Photo by Stacy Ropati
Historical Western perspectives on minorities have contributed to discriminatory behaviours in healthcare. It can often stem from unconscious biases that people unknowingly acquire throughout their lives, but nonetheless this Western bias poses a danger to the lives of women who deviate from the norms and values.
Prejudice is deeply ingrained within the system, exceeding personal racial beliefs and policies and as a result institutional racism plays a significant role in the mortality rates of Black mothers and infants, as well as health complications pre- and post-birth.
Racial Disparities in Maternal Healthcare
A report published by MBRRACE-UK revealed that between 2019 and 2021, 241 women died during or up to six weeks after pregnancy, among 2,066,997 births, and a further 495 died during or one year later. According to the research, Black women are four times more likely, and Asian women are twice as likely to experience pregnancy-related deaths in comparison to white women in the UK.

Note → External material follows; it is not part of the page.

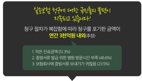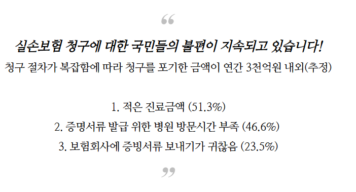 실손의료보험은 "실제 부담한 의료비만 보상하는 보험"으로서, 약 4,000만 명('22년 말)이 가입하여 연간 1억 건 이상의 보험금 청구가 발생 중이나, 일일이 서류를 발급받아 서면으로 제출하여야 하는 등 청구 절차가 복잡함에 따라 청구를 포기한 금액이 연간 3천억 원 내외(추정)에 달하는 등, 국민들의 불편이 지속되고 있습니다.

However, this disparity among racial groups is not limited to the UK. Research shows that every year, approximately 700 women die in the US due to complications related to pregnancy, and that 84% of these deaths are preventable.
Between 2018 and 2021, the maternal mortality rate for Black women during pregnancy or within 42 days of giving birth was significantly higher than for White women. Although these statistics reflect the COVID pandemic, the notable disparity between the treatment of ethnic minorities compared to White individuals by the healthcare system predated this time, and has since been exacerbated.
The gap in the maternal mortality rates is also relevant to the infant mortality rates - the number of babies who die within the first year. Babies born to Black women are over twice as likely to die in comparison to those born to White women (10.6 vs. 4.4 per 1,000).
The inadequate healthcare system creates a ripple effect as the consequences of ethnic minority pregnant women being treated insufficiently increase the risks of health complications for newborns. The Office for National Statistics found that in 2021, the death rate of Black babies before and during delivery was higher (6.9 stillbirths per 1,000 births) compared to babies of other ethnicities. Such statistics indicate that social, economic, and racial factors have adverse effects on Black women’s pregnancies, ultimately subjecting their babies to risks as well.
Discrimination In Access To Care
One possible reason pregnant Black women face challenges within maternal healthcare is due to social barriers limiting their access to care. There has been identified a correlation between a high maternal mortality rate amongst women of all races, and residence in deprived areas.
The 2022 MBRRACE-UK’s report revealed that, one in nine women who died during or after pregnancy had "severe and multiple disadvantages." These disadvantages include limited access to healthcare, health risks, educational barriers, low employment, financial instability, and limited access to information.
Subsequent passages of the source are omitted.